Just now, It was the first time for me to know the concept of PLP, then I search the related materials with interest. I find that, professor, you have presented a detailed overview and simulation over PLP. I have learnt your post about PPP last year “Wray says:October 4, 2021 at 10:03”, and received your patient reply. I comment to express my sincere appreciation for your sharing, professor.

Thank you, Wray, for your comment.

Thank you for this helpful post. A quick question: why do we not need to calculate the radial coordinate P as r*sqrt(U) as we do when simulating a Poisson point process on a disc?

Thank you for your comment and question, Joe. If I understand your question correctly, we don’t simulate or sample (you wrote “calculate”) the radial coordinate P as r*sqrt(U).

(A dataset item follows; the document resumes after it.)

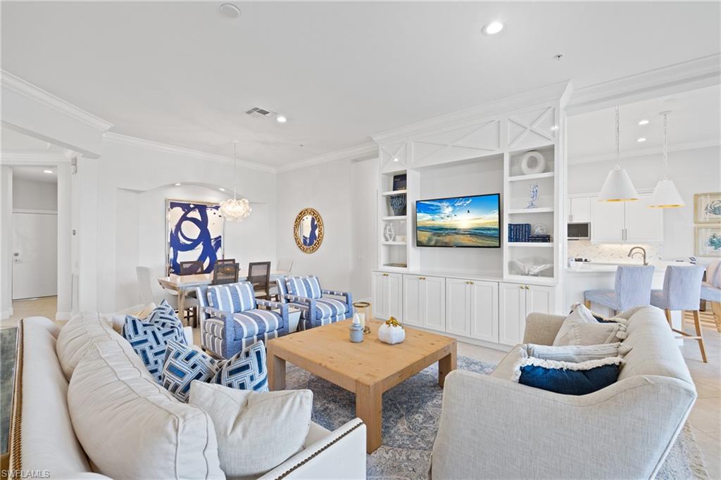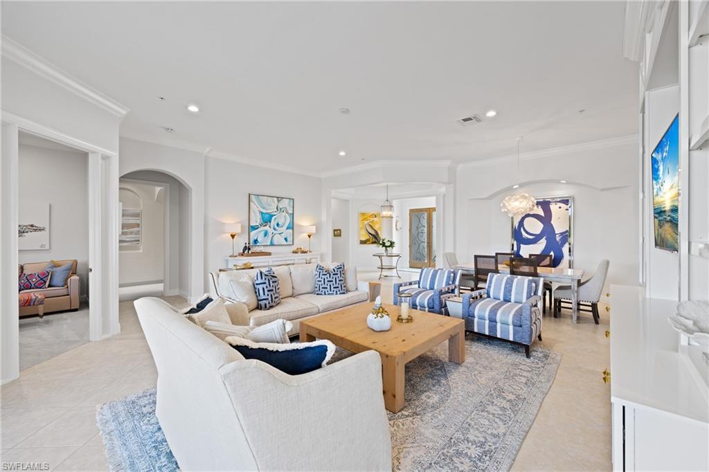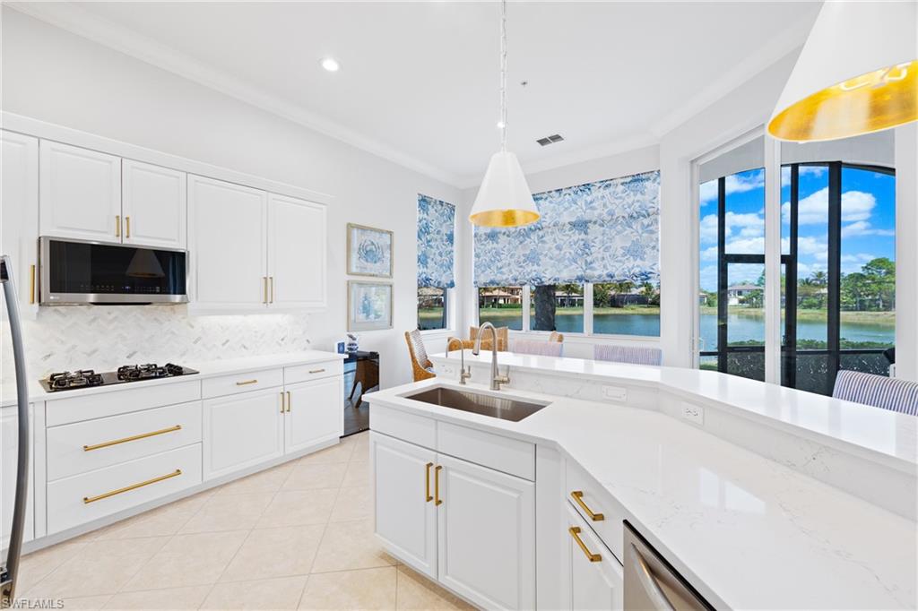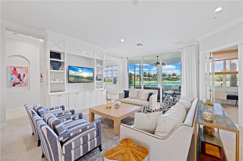 FINALLY! Opportunities to own a residence with a rare view like this are few and far between. Perfectly positioned in one of the Mediterras most coveted locations, this exceptional residence offers the space and privacy of a single-family home with the effortless ease of maintenance-free condo living. Expansive living spaces, refined updates, and an atmosphere designed for both entertaining and everyday comfort. Thoughtfully updated and beautifully maintained, a blend of Florida style and convenience! Generous rooms provide a sense of openness rarely found in condominium living, allowing the home to live comfortably and privately, much like a single-family residence. The true centerpiece is the rare lakefront settingu2014a view like no other in Calabria! Mediterra Club boasts a newly renovated beach club on The Gulf of Mexico with dining, beachside bar and pool, two 18-hole Tom Fazio golf courses, a sports facility with world-class tennis courts. This gated community is considered one of THE ELITE EIGHT in SWFL, with 1,000 acres of open space, lakes, parks and nature preserves, country club programs and options to fit your needs. Roof replaced 2020. HVAC new in 2022. Tankless Gas Water Heater by Nuvian new in 2024. Two remodeled baths 2026. Garage painted 2026. Water filtration system not included but negotiable. Lanai furniture included with sale!

For example, in the MATLAB code:

p=r*rand(numbLines,1); %choose radial component uniformlyAs you can see, there’s no square root there, unlike the disc situation, as you pointed out. And basically the same line of code is used in the Python and R versions.

https://github.com/hpaulkeeler/posts/tree/master/PoissonLine

After radial distance P is sampled (uniformly), Q is then calculated.

I skipped some of the details in this post, because it relied upon the previous post on the Bertrand paradox (where it’s observed that Method 2 gives a uniform line process):

https://hpaulkeeler.com/the-bertrand-paradox/

https://github.com/hpaulkeeler/posts/tree/master/BertrandParadox

Does this clarify things? Or have I misunderstood or missed something?